It's doubtful. Though it wasn't uncommon for his name to pop up in trade rumors, the framing tended to be that he was the summer's unattainable Holy Grail.
"While the Detroit Tigers could get a king's ransom for Tarik Skubal, they're not inclined to move him," wrote ESPN's Jeff Passan on July 26.
And yet—and yet—the Tigers weren't hanging up on interested parties. Per Nightengale, these notably included the Dodgers and Orioles.
This indicates the Tigers were at least willing to ponder whether their future would be better off not with Skubal, but rather a haul of prospects the likes of which only he could command in a trade. He's the AL Cy Young Award favorite and MLB's best pitcher for the last calendar year, and he's only 27 and not ticketed for free agency until after 2026.
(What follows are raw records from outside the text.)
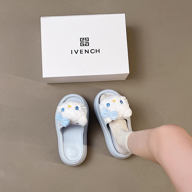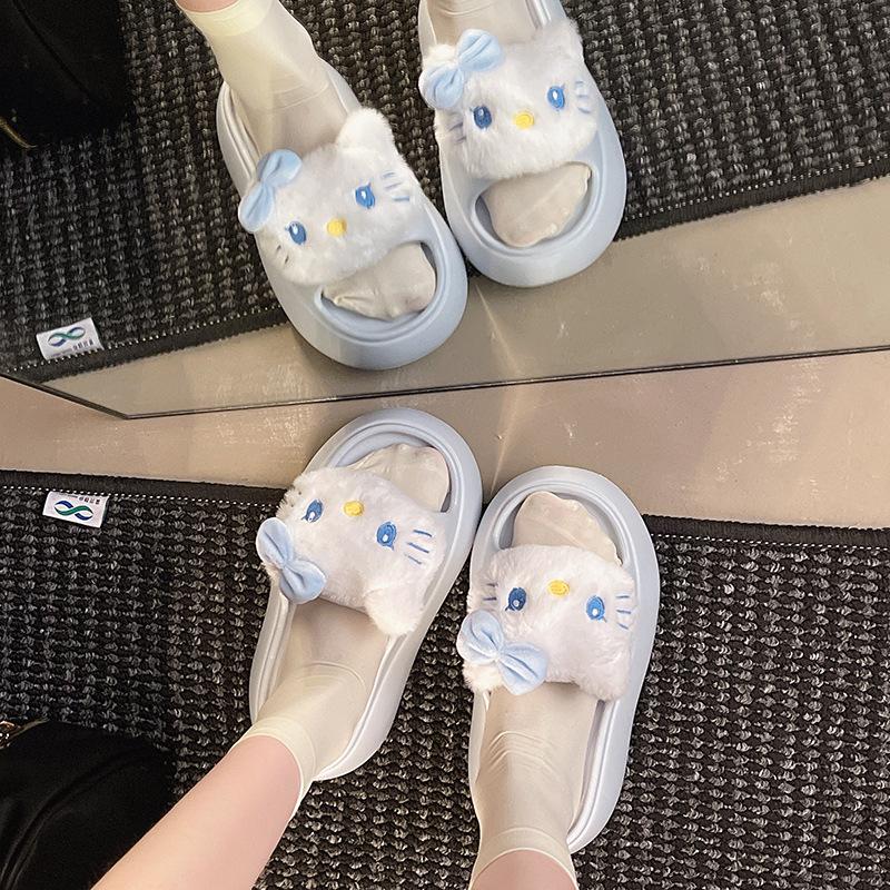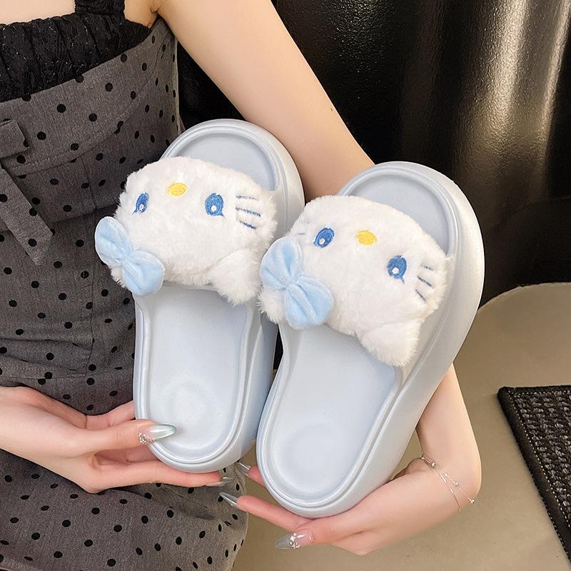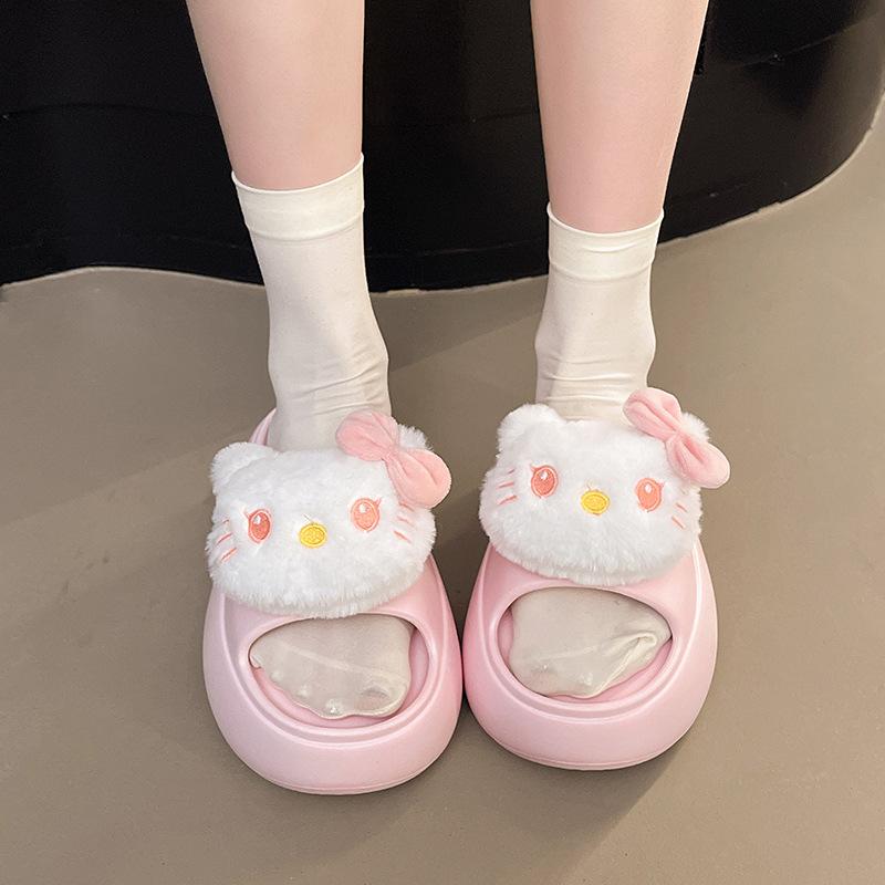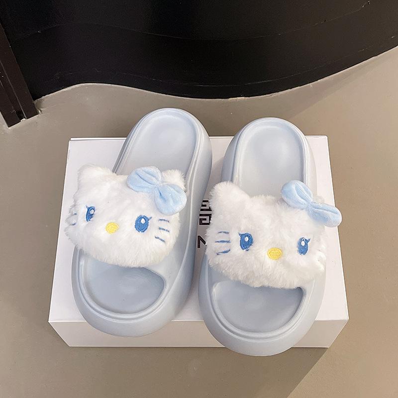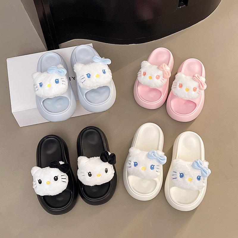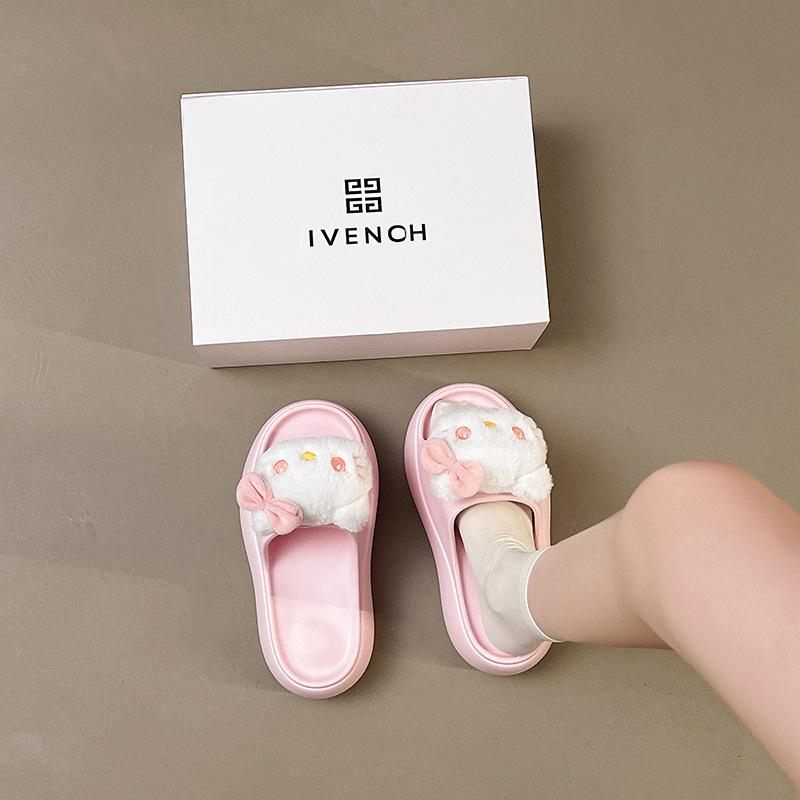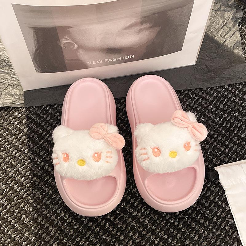 2025 Verano Nuevo Zapatillas Gruesas para Mujer Lindas Dulces Gato KT para Casa Exterior Antideslizantes EVA Chanclas
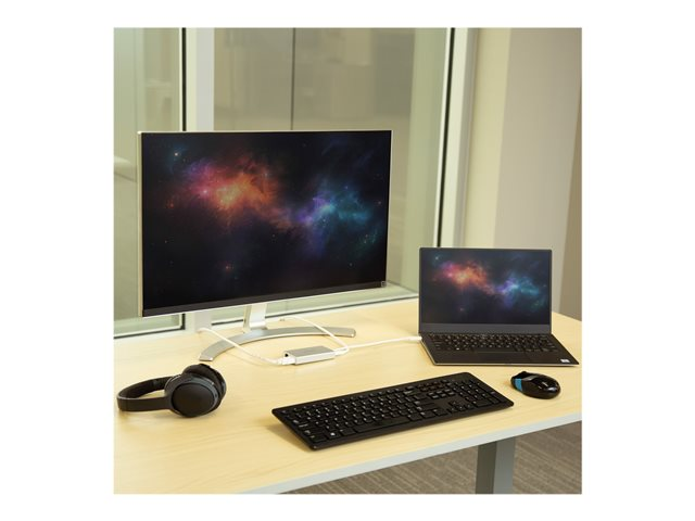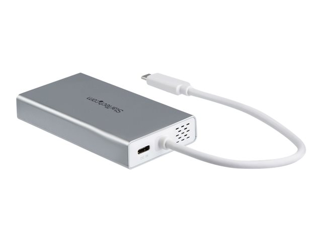 The versatile USB-C adapter lets you create a dual-monitor workstation virtually anywhere, providing 4K Ultra HD (3840 x 2160p) HDMI output with 30 Hz refresh rate and audio, two USB 3.0 ports, and a Gigabit Ethernet port, with support for USB Power Delivery 2.0.
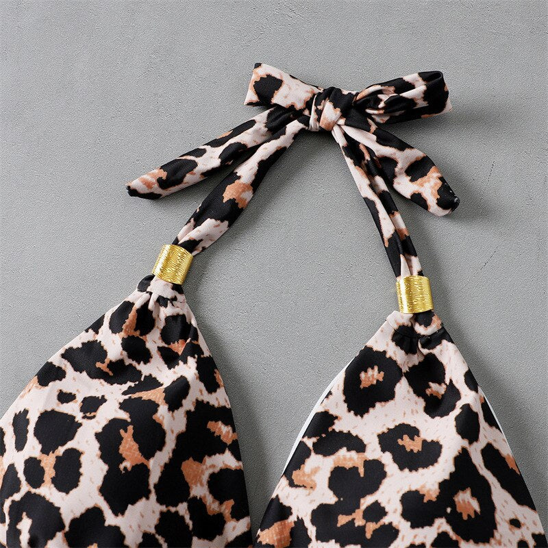Klasické jednodílné plavky s leopardím vzorem a výstřihem do V
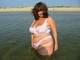 Пухленькая женщина в одиночестве на пляже хвастается своей роскошной грудью
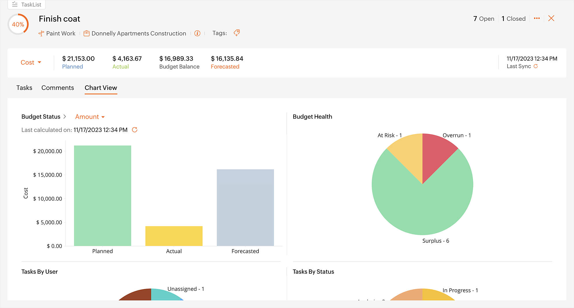 2. Budget status: View the count of at-risk, budget overrun, and budget surplus tasks.
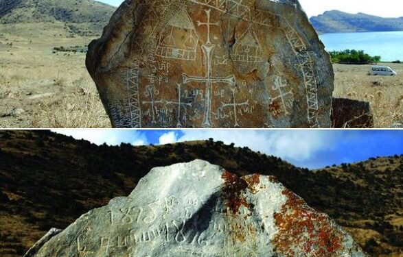 …Ցեղասպանության զոհերի հիշատակին կանգնեցված մի խաչքար-հուշարձան էլ պահպանվել է Վանա լճի հարավային ափին գտնվող Վառենց գյուղի (ներկայումս՝ գյուղատեղի) գերեզմանոցում: Խաչքարը կերտվել է 1897 թ. Համիդյան ջարդերին զոհ գնացած մի խումբ վառենցցիների… հիշատակին: Արձանագրությունը փորագրված է խաչքարի երեսին՝ 17 և թիկունքին՝ 4 տողով (չափ.՝ 1,45 x 1,65 մ).
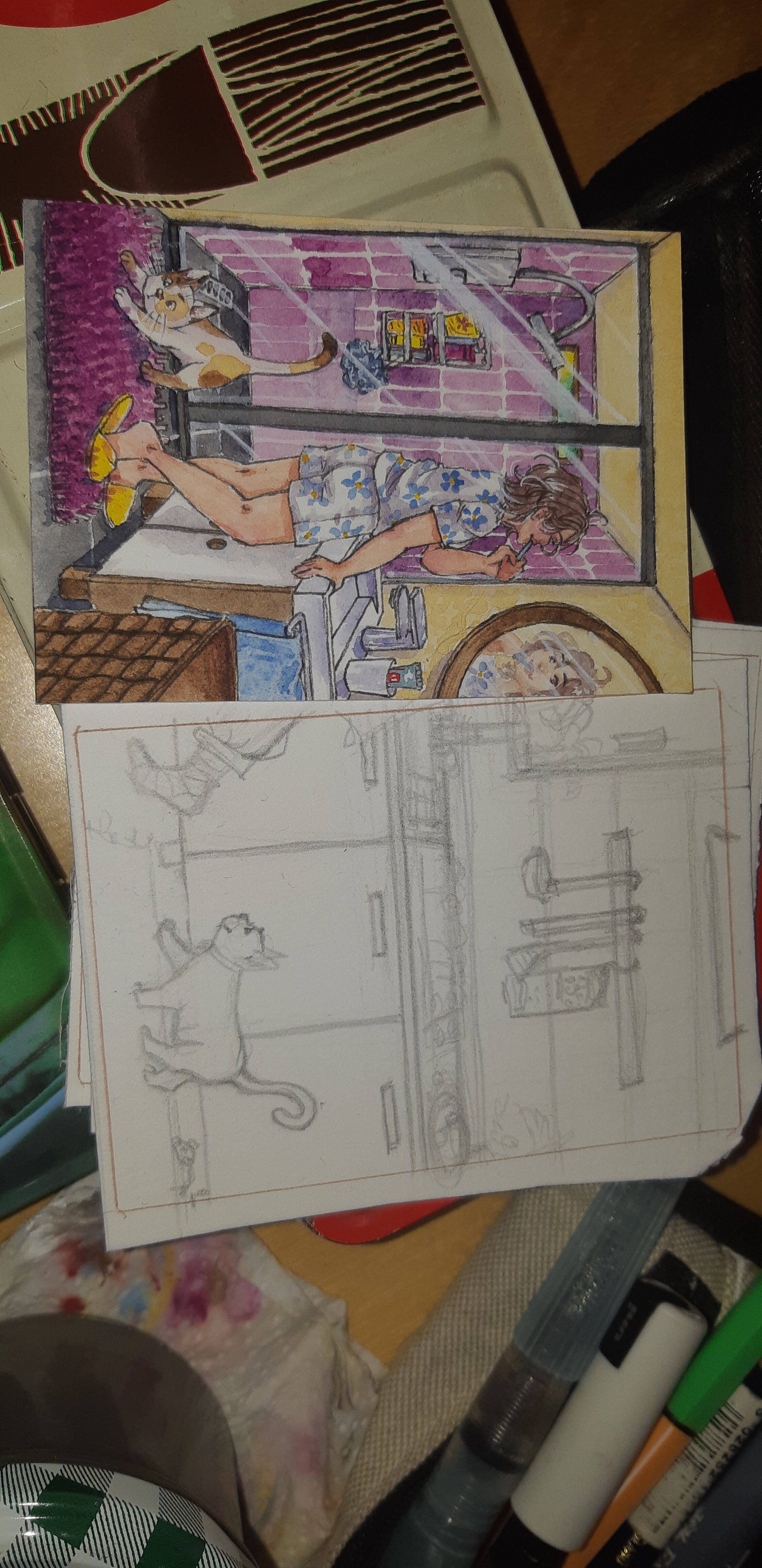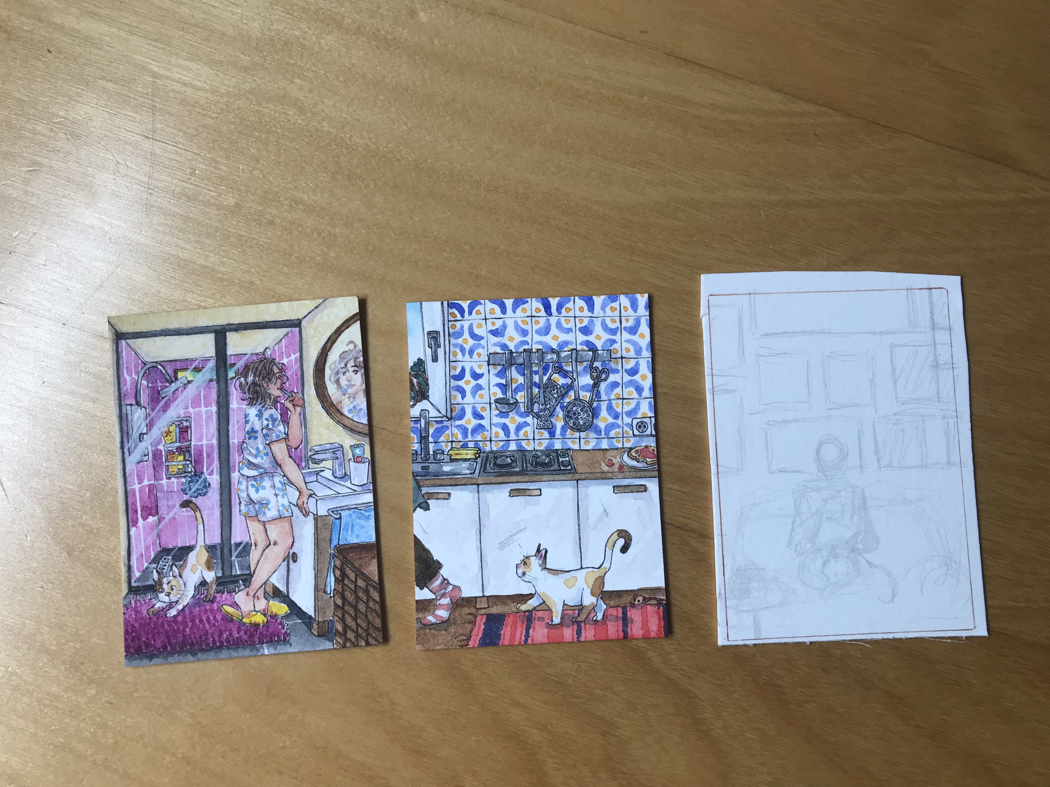 Ich habe Skizzen für Karte zwei und drei angefangen. Muss mich endlich an die Farbe setzen:

Skubal didn't ultimately go anywhere, almost certainly because nobody made a good enough offer. Tigers POBO Scott Harris said it himself: "We never came close to trading Skubal."
Harris also spoke of wanting to make contention "happen as fast as we can," which makes you wonder if Skubal and company helped their own cause. After falling to a season-high nine games under .500 on July 4, the Tigers clawed their way back to within four games of the break-even mark by deadline day.
What If Garrett Crochet Hadn't Made Those Demands?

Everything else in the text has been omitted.